-- DATA BELOW follows --

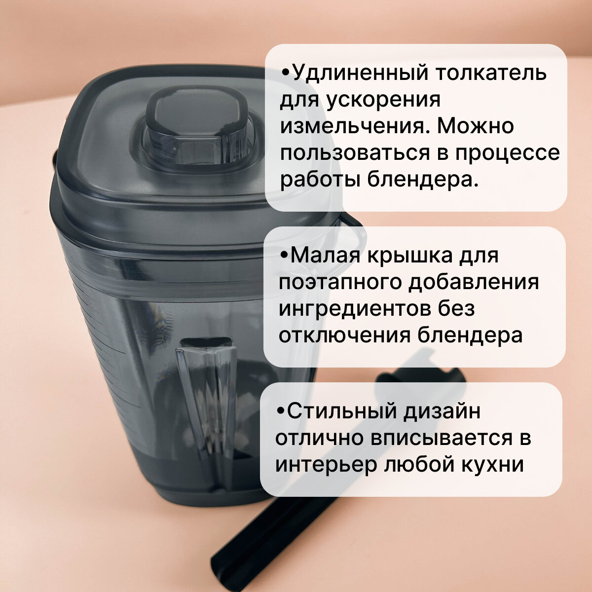 | Минусы: | Если требуется превратить финики в пасту или похожий липкий продукт, небольшого объёма - надо понимать, что он просто размажет массу по стенкам и тогда даже толкатель не поможет.
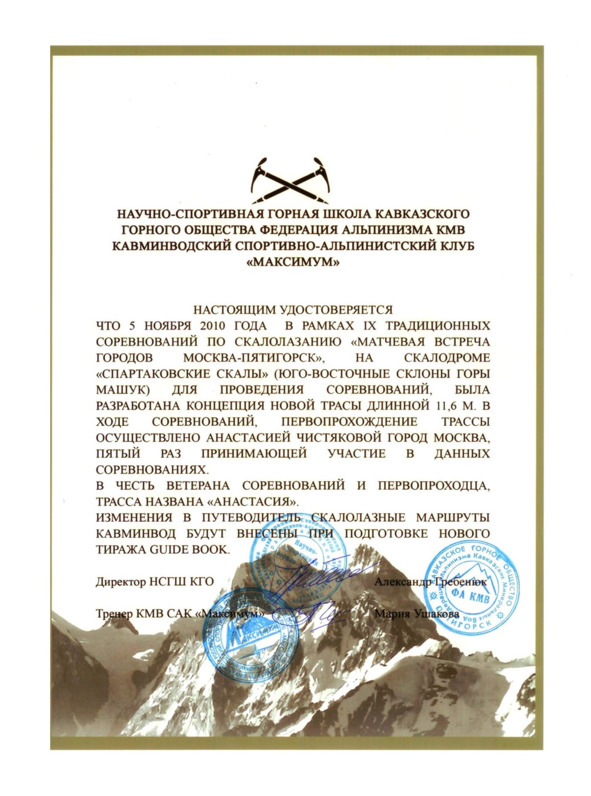 • Ни одного несчастного случая за 40 лет деятельности в альпинизме и скалолазании, ни одного результата ради результата и ценой потерянного здоровья.
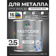 РасКраС Грунт-эмаль по ржавчине 3 в 1 Malare FastCorr краска для металла, антикоррозионная износостойкая быстросохнущая RAL 9005, черный, матовая, 2,5 кг.

-- DATA BELOW concluded --

§ EXERCISE REQUIREMENTS:
Output the whole listing without change. Any picture is to be left out.

§ WRITTEN REPLY:
 | Минусы: | Если требуется превратить финики в пасту или похожий липкий продукт, небольшого объёма - надо понимать, что он просто размажет массу по стенкам и тогда даже толкатель не поможет.
 • Ни одного несчастного случая за 40 лет деятельности в альпинизме и скалолазании, ни одного результата ради результата и ценой потерянного здоровья.
 РасКраС Грунт-эмаль по ржавчине 3 в 1 Malare FastCorr краска для металла, антикоррозионная износостойкая быстросохнущая RAL 9005, черный, матовая, 2,5 кг.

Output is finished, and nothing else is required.